Un article de Laurent Bègue-Shankland (professeur de psychologie sociale, Université Grenoble Alpes) dans The conversation, « Soumission à l’autorité : l’obéissance n’est pas ce que Stanley Milgram croyait », fait état de la mise au point de Dariusz Dolinsky sur les recherches de Milgram sur la soumission à l’autorité, c’est à dire sur les raisons pour lesquelles des participants à une expérimentation sont capables d’infliger de la douleur à des cobayes humains et animaux. Pour Milgram, c’était parce qu’on doute toujours un peu de la véracité de la souffrance imposée, et parce qu’elle l’est de façon graduée progressivement, ce qui permet de faire monter le seuil de notre acceptation. Selon les expériences de D. Dolinsky, c’est plutôt parce qu’on investit la science d’une autorité morale supérieure, qu’on est capable non seulement de s’y soumettre, mais de s’y investir activement, en cautionnant les moyens mis en œuvre pour vérifier des hypothèses. La souffrance est alors considérée comme un inconvénient certes dérangeant, mais mineur au regard des enjeux. Il pose donc la question de la contradiction entre cette attitude et la propension de plus en plus courante à désormais considérer l’animal comme un égal en droit, et Laurent Bègue-Shankland se demande alors comment nous allons nous arranger avec le dilemme moral qui en découle et se fait jour peu à peu dans nos sociétés.

Je fais le parallèle : en tant que patients, élèves, parents, public, nous acceptons assez facilement la maltraitance ordinaire dans le cadre institutionnel comme dans l’entreprise : le soignant, le formateur, le supérieur hiérarchique, est investi d’une autorité difficile à remettre en question, assis qu’il est du bon côté de la table, en quelque sorte. Et nous acceptons de nous soumettre à son autorité au nom de la confiance tacite accordée, malgré les désagréments occasionnés et les questions morales qu’ils soulèvent. Au point d’oublier parfois où en sont les limites, mêmes quand elles ont été clairement posées dans le discours. Cette délégation de notre libre arbitre nous met de fait en position de nous rebiffer trop tard.

Bien entendu la question est beaucoup plus complexe. Mais même si les études infirment l’effet d’engrenage par la dissonance cognitive, il n’en reste pas moins que contredire celui à qui on s’en est remis revient à dénoncer le marché implicitement accepté et reconnaître qu’on a manqué de clairvoyance, ce qui constitue une confirmation du bien fondé de la domination du point de vue de la victime et du bourreau. C’est bien fait, non ? (attention, pas dans le sens de « c’est mérité »,mais « la machine est bien huilée »!!)
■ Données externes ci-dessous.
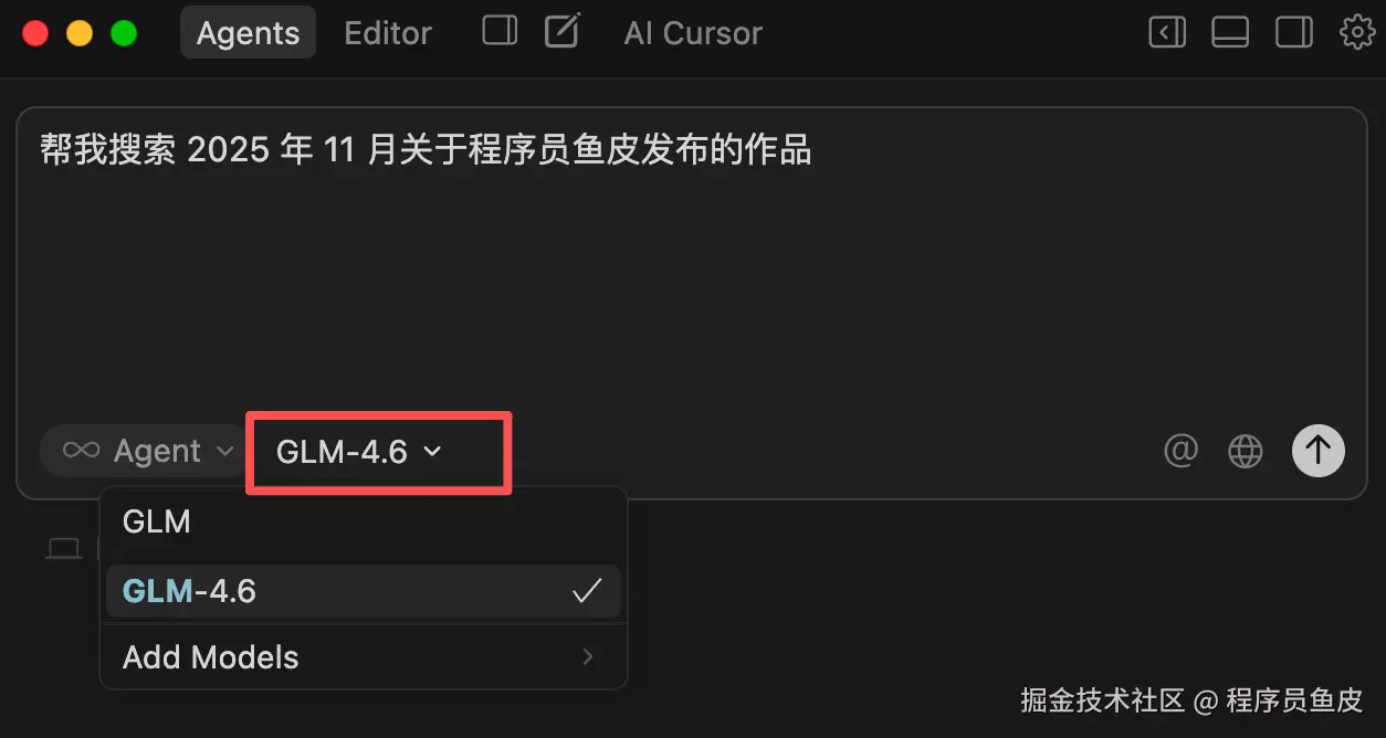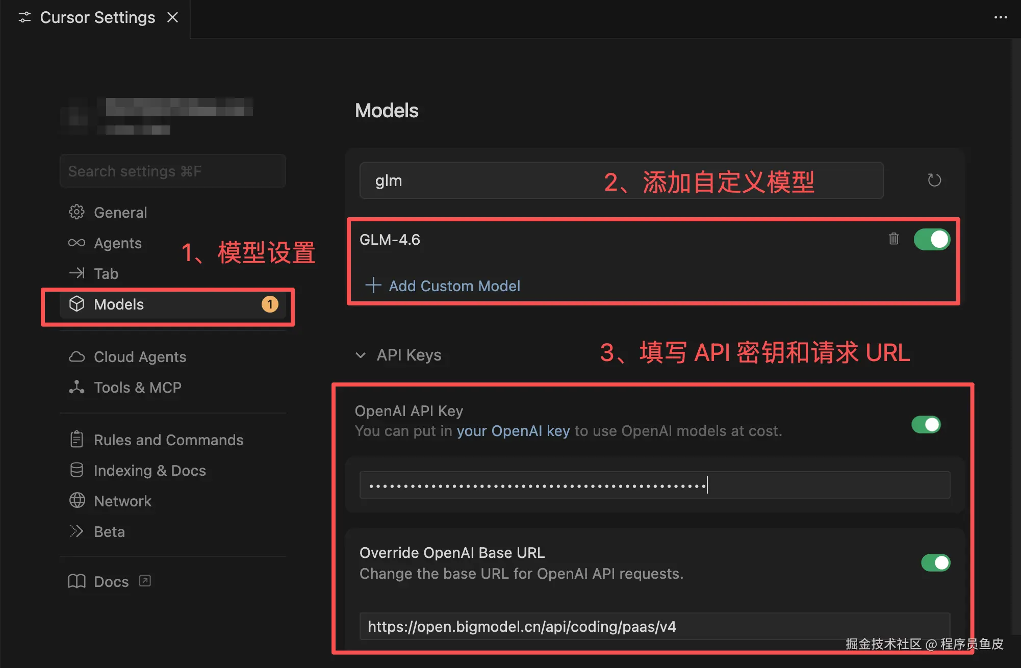 首先打开 Cursor 的设置界面,进入模型设置,然后添加自定义模型,注意名称一定要是大写的 GLM-4.6

De mon point de vue, (surtout quand je me laisse aller à un optimisme, disons, mesuré) il pourrait aussi s’agir d’une reconnaissance d’un ordre social fondé sur l’autorité, comme seul capable de régir le monde efficacement. La révolte alors ne serait que le signal qu’on est concerné de trop près pour ignorer les faits. Voilà qui fait froid dans le dos. J’aime bien me faire peur parfois, mais je me rassure, la lucidité n’empêche pas l’optimisme …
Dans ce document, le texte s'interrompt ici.